What's perhaps most striking about the London-born New York City resident, though, is that she is only 20 years old -- and already she has more musical savvy, industry smarts, and sheer talent than most twice her age. This isn't surprising, considering that McKay often conjures the golden oldies on her marvelously anachronistic major-label debut, Get Away From Me.
Despite the enthusiastic endorsement for PETA prominently displayed on its back cover, the album's 18 tunes sound as if they were plucked from a dusty time capsule filled with scratchy 78s, Cole Porter tunes, and leisure suits. Expect 1940s-era jazz ballads, Broadway vamping, jaunty show tunes, even disco.
Get Away's lyrics, however, are filled with modern flourishes -- like "Sari," McKay's infamous rap song, in which she finds empowerment in her faults ("I'm sorry for my views/I don't know how to schmooze/And yet you know that really/I'm sorry for you").
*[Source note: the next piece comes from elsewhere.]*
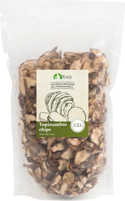 Suszony topinambur dla koszatniczki szynszyli 300g Tivo XXL Duża paka natur Producent: Tivo | Przysmak w 100% naturalny | Źródło witamin z grupy B | Opakowanie 300g Opis produktu - Przysmak Tivo Spraw przyjemność swojemu pupilowi i podaruj mu pyszne plasterki suszonego topinamburu Opakowanie 300g Przysmak w 100% naturalny Produkt niskokaloryczny Źródło wszystkich witamin z grupy B Pomaga w codziennym ścieraniu zębów Idealne dla gryzoni i królików Skład produktu suszony korzeń topinamburu Składniki analityczne włókno surowe 9,80% Postaw na naturalne przysmaki z Tivo - Naturalny pokarm dla gryzoni W żywieniu zwierząt futerkowych warto uwzględniać naturalne przysmaki, takie jak kwiaty, zioła, owoce i warzywa, które odgrywają istotną rolę w ich dzikim środowisku. Dodanie kwiatów do menu gryzonia lub królika może dostarczyć im dodatkowych witamin i minerałów, wspierając tym samym ich zdrowie. Zioła mogą wspomagać proces trawienia i ogólnie korzystnie wpływać na przewód pokarmowy. Owoce stanowią źródło naturalnych cukrów i witamin, które mogą dostarczyć zwierzakom energii. Warzywa z kolei są bogate w błonnik i inne substancje odżywcze, które mogą przyczynić się do ogólnego dobrostanu zwierząt futerkowych. Podając swoim pupilom naturalne przysmaki należy jednak pamiętać, aby dostosować ich ilości i rodzaje do indywidualnych potrzeb i gatunkowych wymagań zwierząt. Dobry smak i zdrowie w jednym - Przysmak dla gryzoni 300g Oferowany przez nas suszony topinambur w opakowaniu 300g może już dziś stać się ulubionym przysmakiem Twojego pupila. Produkt jest w 100% naturalny i składa się wyłącznie z suszonego korzenia topinamburu, który jest doskonałym źródłem wszystkich witamin z grupy B. Topinambur szczególnie polecany jest dla zwierząt mających problemy z wynikami krwi lub z pracą wątroby. Co więcej, suszony korzeń topinamburu pomaga królikom i gryzoniom w codziennym ścieraniu zębów. Produkt przeznaczony jest dla następujących gatunków zwierząt: królik, szynszyla, chomik, koszatniczka, świnka morska, mysz, szczur, myszoskoczek. Galeria zdjęć

The album is also colored by McKay's wicked sense of humor. "David" refers to the President as "Mister Bushie"; on "Clonie," she slyly says that she "should've signed with Verve instead of Sony." The bouncy jazz cabaret standout "Won't U Be Nice" turns the classic courtship song on its tail with lines like, "If you would sit/Oh so close to me/That would be nice/. . . If you don't/I'll slit your throat."
"I've always had . . . at once a very low self-esteem and a very healthy self-esteem when it comes to what I want," McKay explains, calling from somewhere in Pennsylvania while hanging out with her cat, Emerald. "If I really believe what I want is correct -- although I hate fighting -- I feel like you gotta fight to the death for it. This album was my baby, and I felt like a mother defending her cubs."
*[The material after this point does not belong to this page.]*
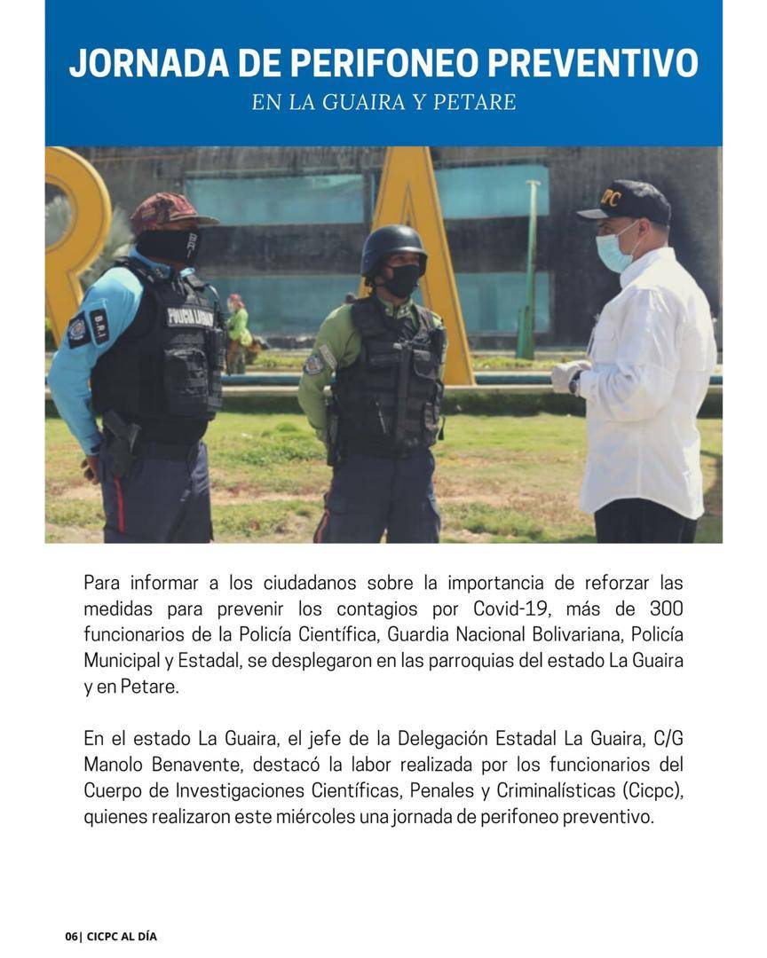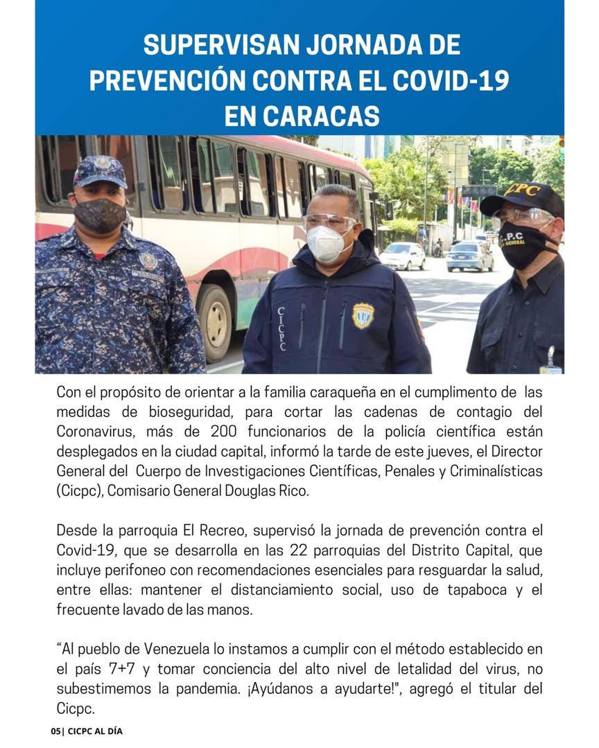 Unidad y solidaridad es lo que impera después de más de 130 días de Coronavirus. El Ejecutivo Nacional hace un gran esfuerzo para contener los contagios, los cuerpos de seguridad estamos haciendo un trabajo en equipo que busca hacer cumplir la cuarentena social colectiva y voluntaria. Antes que llegue una cura definitiva, debemos cuidarnos y cuidar a nuestras familias, la recomendación más contundente es quedarse en casa, es el método más efectivo y somos nosotros los responsables. Sigamos adelante, por una patria que espera lo mejor de sus hijos. No vamos a descansar, el trabajo nos hace útiles y mejores. Los invito a leer Cicpc Al Día, donde damos a conocer parte del trabajo de nuestra institución, recuerden: compartan el boletín con familiares y amigos. Feliz domingo y quédate en casa.

This stubbornness has caused occasional friction with her label, Columbia. Her insistence that Get Away be released as a two-CD set is just one of their more publicized clashes. She's currently dismayed over their support of an electronic press kit, which was filmed during a particularly bad fashion stretch in which she "had bright orange hair, bright orange eyebrows. I didn't know what I was doing with my makeup. Everything wrong came together at once." The kit also features an "atrocious" performance from her.
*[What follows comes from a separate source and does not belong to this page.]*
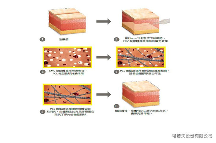 ● CMC 在注射後提供了即時填充/皺紋修復的功能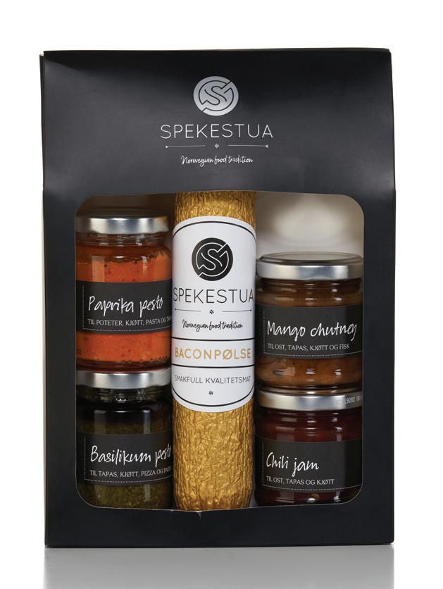 vår tapas-gavepakke! Pakken inneholder paprika- og basilikumpesto, mangochutney, chilijam og Spekestua baconpølse. Art.nr. 22-2020

"That doesn't represent me at all," she says. "I hate it. So, we've been trying to get in this French footage we shot. I just feel that they [the label] are severely prejudiced . . . towards conformity. You always come up against that. These are people that have worked with the greats, and they still don't seem to understand what made them great was that they were different. You're reminded that you're not being enabled to create for yourself, you are being enabled to create for them. As people I really like them, but as collaborators -- it's hell!"
She laughs after this emphatic statement, but her consternation brings up one of the most refreshing things about McKay. While other pop stars her age resign themselves to malleability, she is fiercely protective of her quirks and originality. She demands control over how to present her art and image to the world, and refuses to compromise who she is or what she wants to stand for to fit into any glossy, narrow niche. It's an ambitious attitude, caused by a passion for and belief in her craft -- and has nothing to do with spoiled diva behavior.
"If you talk to any person off the street and you start talking to them about art, and then you say, 'What would you do if you were so-and-so's manager?' everybody has an opinion," McKay says. "Everybody would do it differently.
"I guess that's what some of the songs on the album are about. For so long I just beat myself up, because other people do things differently and I never fit into that. At a certain point, you can say, 'It's always me,' or you can say, 'Well, yeah, but you know . . . I don't know, Chaplin was a weirdo.' Weird isn't bad."
McKay grew up with her actress mother, living first in Harlem, then Olympia, Washington, and finally Pennsylvania, where she participated in a not-so-fun competitive marching band in high school ("It really was my first full-on backstabbing war, and that went on for four years"). She entered the Manhattan School of Music at age 16, a time she calls "torture," and dropped out two years later and started playing piano bars. After a spot opening for the artsy Trachtenburg Family Slideshow Players in 2003 earned her a glowing Time Out New York article, record labels came calling -- and now McKay is touring amphitheaters to critical acclaim.
"The main thing I want is for [my music] to affect [people] the way my favorite music affects me," she says. "That you feel either you are the singer, or they are singing about you. I want them to listen to it and have it to be able to help them in their life somehow.
"Music is what got me through college, and it's what continues to get me though everything. I need it, it's like a drug, and it's that way with most people. If I could be that person to some people, that just means everything to me."